++++ LISTED RECORDS
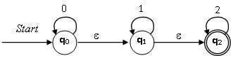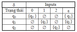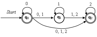 Theo khái niệm hình thức, ta có NFA M ({q0, q1, q2}, {0, 1, 2}, δ, q0, {q2}) với hàm chuyển δ như sau :
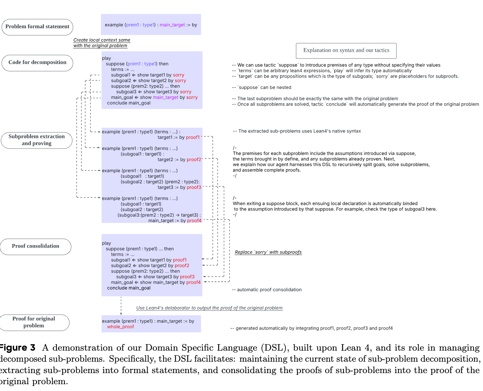 For proofs that require multiple steps, the framework breaks down the original problem into sub-problems.
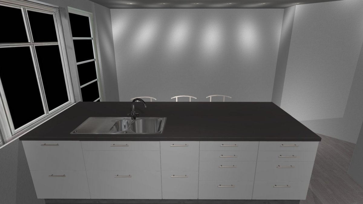 Bei der letzten Version 2 wären unterm Fenster statt 3x60 besser 2x90 US, billiger und man bekommt mehr rein, da für die Auszüge und Korpusbreiten pro Schublade ca. 8 cm wegfallen.
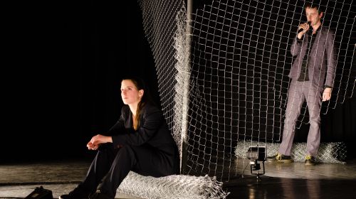 Da bittet eine Performerin die Zuschauer, Badeanzüge auszusuchen, die sie sich kurz überstreift. Ihre fünf Kollegen tun es ihr nach. Dann fällt der Irrsinnssatz „Der Badeanzug ist Inbegriff der verwalteten Welt“. Man denkt, es geht um Voyeurismus, um Körper und Repräsentation, um Projektion, doch mehr als dramaturgischer Wirrwarr. Die Performer zappeln ein wenig herum und sprechen später von Choreographie. Dann halten plötzlich die Konju nktive eines imaginierten Lebens Einzug: Wunschwelten des „wäre“ und „würde“. Schließlich strandet man in totaler Selbstbespiegelung: Das Ich und seine Entfaltung auf der Bühne, Theater und Ich als Ware etc. cobratheater.cobra vollbringt das Kunststück, nur noch von sich zu sprechen und kaum verallgemeinerbare Erfahrungen auf die Bühne zu bringen. So viel Narzissmus war lange nicht.
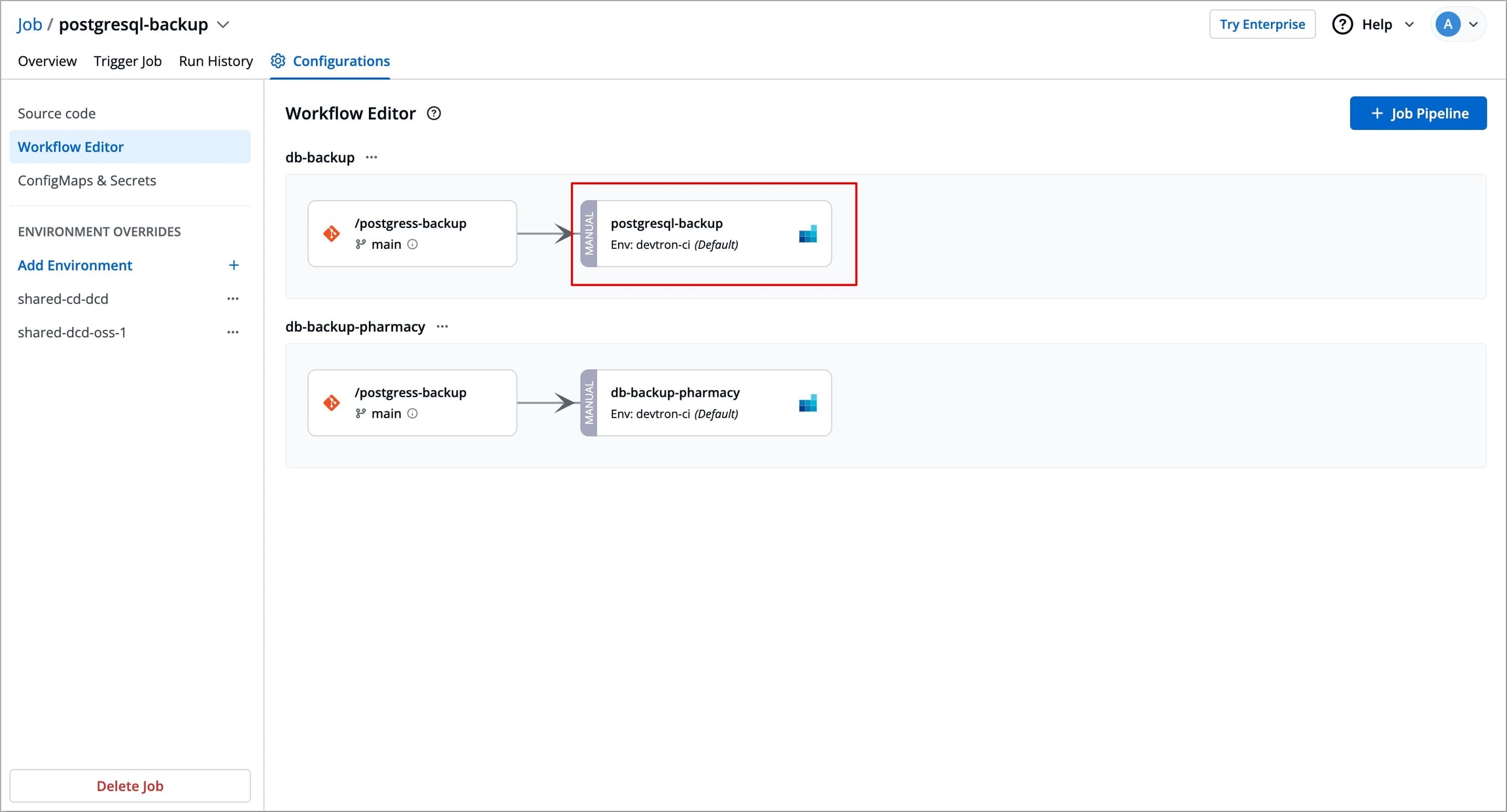 The Workflow Editor in Devtron allows you to create and manage job pipelines. It provides a visual interface to create and configure job pipelines, define basic configurations such as trigger types, branch name, and allows you to add Tasks to be executed in the desired sequence.
++++++++
■ EXERCISE DETAILS
Reproduce the lines of the data that run from the one containing "For proofs that" to the final line, both included, exactly as they appear and without the pictures.

■ WRITTEN RESPONSE
 For proofs that require multiple steps, the framework breaks down the original problem into sub-problems.
 Bei der letzten Version 2 wären unterm Fenster statt 3x60 besser 2x90 US, billiger und man bekommt mehr rein, da für die Auszüge und Korpusbreiten pro Schublade ca. 8 cm wegfallen.
 Da bittet eine Performerin die Zuschauer, Badeanzüge auszusuchen, die sie sich kurz überstreift. Ihre fünf Kollegen tun es ihr nach. Dann fällt der Irrsinnssatz „Der Badeanzug ist Inbegriff der verwalteten Welt“. Man denkt, es geht um Voyeurismus, um Körper und Repräsentation, um Projektion, doch mehr als dramaturgischer Wirrwarr. Die Performer zappeln ein wenig herum und sprechen später von Choreographie. Dann halten plötzlich die Konju nktive eines imaginierten Lebens Einzug: Wunschwelten des „wäre“ und „würde“. Schließlich strandet man in totaler Selbstbespiegelung: Das Ich und seine Entfaltung auf der Bühne, Theater und Ich als Ware etc. cobratheater.cobra vollbringt das Kunststück, nur noch von sich zu sprechen und kaum verallgemeinerbare Erfahrungen auf die Bühne zu bringen. So viel Narzissmus war lange nicht.
 The Workflow Editor in Devtron allows you to create and manage job pipelines. It provides a visual interface to create and configure job pipelines, define basic configurations such as trigger types, branch name, and allows you to add Tasks to be executed in the desired sequence.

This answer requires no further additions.